Часть 8 из 43 В начало
Для доступа к библиотеке пройдите авторизацию
Откуда взялся тут этот незваный гость из другой эпохи, мне, по вполне известным причинам, непонятно. Все, что я пока могу, так это лишь его осматривать. Напоминает огромную металлическую рыбу с трубами на «спине». Еще я успел разглядеть номер «Н09» и британский флаг, прежде чем борт нашей «Паллады» сотряс страшный взрыв, а Лермонтова, словно котенка, подняла и отшвырнула куда-то в сторону волна из горячего воздуха, щепок и дыма.
Странно, но боли я не почувствовал совершенно. Только удар обо что-то твердое и звон в ушах. Перед глазами надолго замелькали цветастые зигзаги и круги, но не это главное. Не знаю, сколько еще времени прошло, но до сих пор сдерживающий меня «пузырь» в один прекрасный момент вдруг жалобно натянулся и… ЛОПНУЛ!!!
Новая запоздалая волна накрыла тело и сознание! Волна боли! В-ы-ы-ы!! Как будто раскаленный штырь вонзился в левый бок и давит, давит, ДАВИТ! Руки… Теперь уже мои руки мертвой хваткой вцепились во что-то (кажется, обломок мачты) и не отпускают, держат, не давая мне пойти на дно, куда упорно тянут словно налитые свинцом ноги!

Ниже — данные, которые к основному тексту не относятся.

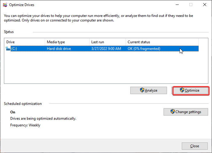 3。デフラグしたいハードドライブをクリックしてヒットします最適化する画面の下部に。
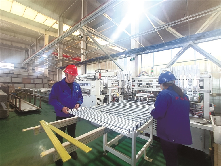 新铝铝业自2017年开始转型至高端铝制品生产。企业为了向高质量发展转型,遇到棘手的难题是必然的,12年间,胥文才始终保持着“做到极致”这样的“执念”,紧跟企业转型升级步伐,以学提能,迸发自我革新力,突破一个个技术难关。2023年,新铝铝业投资3000多万元,新上两条太阳能光伏边框生产线,产能由此增加15%,实现新的跃升。“这个新设备是全自动的,带有机器人,能使我们的产能提升,人力、能耗等方面降低。”胥文才说。
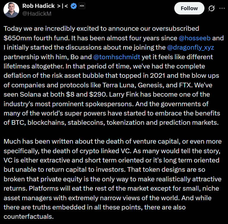 Dragonfly Capital closed its fourth fund at 650 million dollars and is focusing on blockchain-based financial products and tokenized RWAs. The firm states it is targeting payment systems, stablecoin networks, and lending markets. This fund will support RWA growth.

Мыслей нет! В голове набатом гудит колокол! Звон в ушах исчез, но они по-прежнему словно заложены ватой! В лицо бьет мутная ледяная морская вода! Море кругом злое, сумрачное! Положение дерьмовое, как на «Титанике»! Зато я свободен! Понимаете – СВОБОДЕН!!!
Однако если так дальше пойдет, то долго я не протяну. Силы стремительно уходят, а новым взяться неоткуда.
Что ж, видно предстоит мне еще раз переместиться из эпохи под названием «николаевское время» куда-то еще. Жаль. Я уже начал привыкать…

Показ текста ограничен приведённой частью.